Он представил себе человека, способного жить одним лишь ощущением, человека, для которого любое прикосновение, звук, краска или вкус тут же превращаются в запах: целуя желанные уста, сей избранник слышит благоухание темной фиалки, а музыку воспринимает как утреннее дыхание роз.

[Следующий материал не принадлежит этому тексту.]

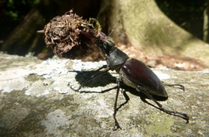 Lucanus cervus, espèce d’intérêt communautaire, est le coléoptère le plus grand d’Europe. Les mandibules du mâle, semblables au bois de cerf, lui ont valu son nom commun. Ces énormes mandibules, utiles pour l’accouplement mais handicapantes dans la vie de tous les jours, donnent au mâle un vol très caractéristique observable au crépuscule : en position verticale, lourd et bruyant. Ses larves se nourrissant de bois mort, le lucane est intimement lié aux vieux arbres, essentiellement aux chênes.
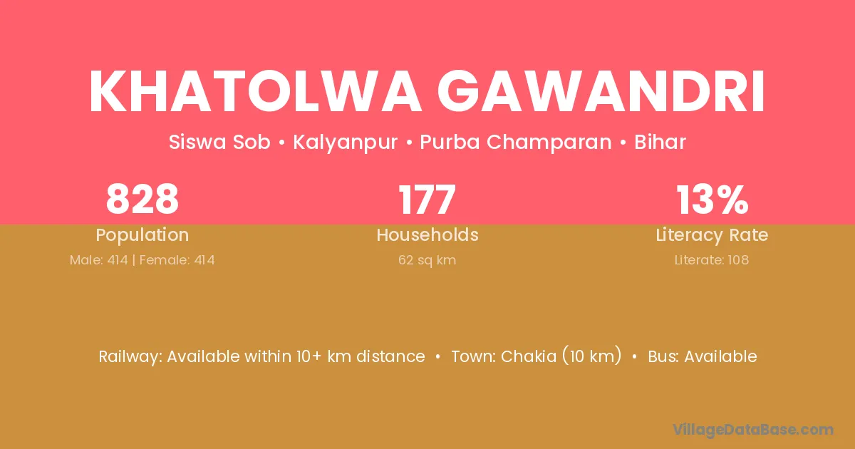 Chakia (10 km) is the nearest town to Khatolwa Gawandri village for major economic activities and is located approximately 10 km away.

Порой Луциан намеренно обращался к повседневной жизни – тем большим было наслаждение, которое он испытывал, вновь возвращаясь в свое убежище, в свой город и сад. В «нормальном мире» говорили о нонконформистах, об арендной плате и курсе акций, читали газеты, пили австралийское «бургундское» и предавались иным нелепым затеям. Заговорите с этими людьми о наслаждении, и они либо будут шокированы, либо решат, что вы имеете в виду оперетку, дешевое виски и бессонные ночи в дурной компании. К своему изумлению, Луциан обнаружил, что распутники гораздо скучнее праведников. Но самыми тошнотворными были все-таки те, кто проповедовал свободную любовь и называл свое свинство «новой моралью». Луциан спасался от них бегством и с облегчением возвращался в свой город, созданный для истинной любви. Подобно тому как, не ведая сомнений, метафизики утверждали, что осознанное бытие «я» определяет любое сознание, Луциан был уверен, что только в своей идеальной женщине он обретает себя: в ней и во имя ее творится на земле подлинная жизнь. Он знал, что Энни научила его колдовству, пробудившему к жизни сады Авалона. Ради нее отыскивал он чудесные тайны и проникал в самую суть человеческих ощущений. Да и что мог принести Луциан в дар своей возлюбленной, кроме чудесных грез, тайной, вымышленной жизни и истерзанного тела, покрытого шрамами добровольных жертвоприношений?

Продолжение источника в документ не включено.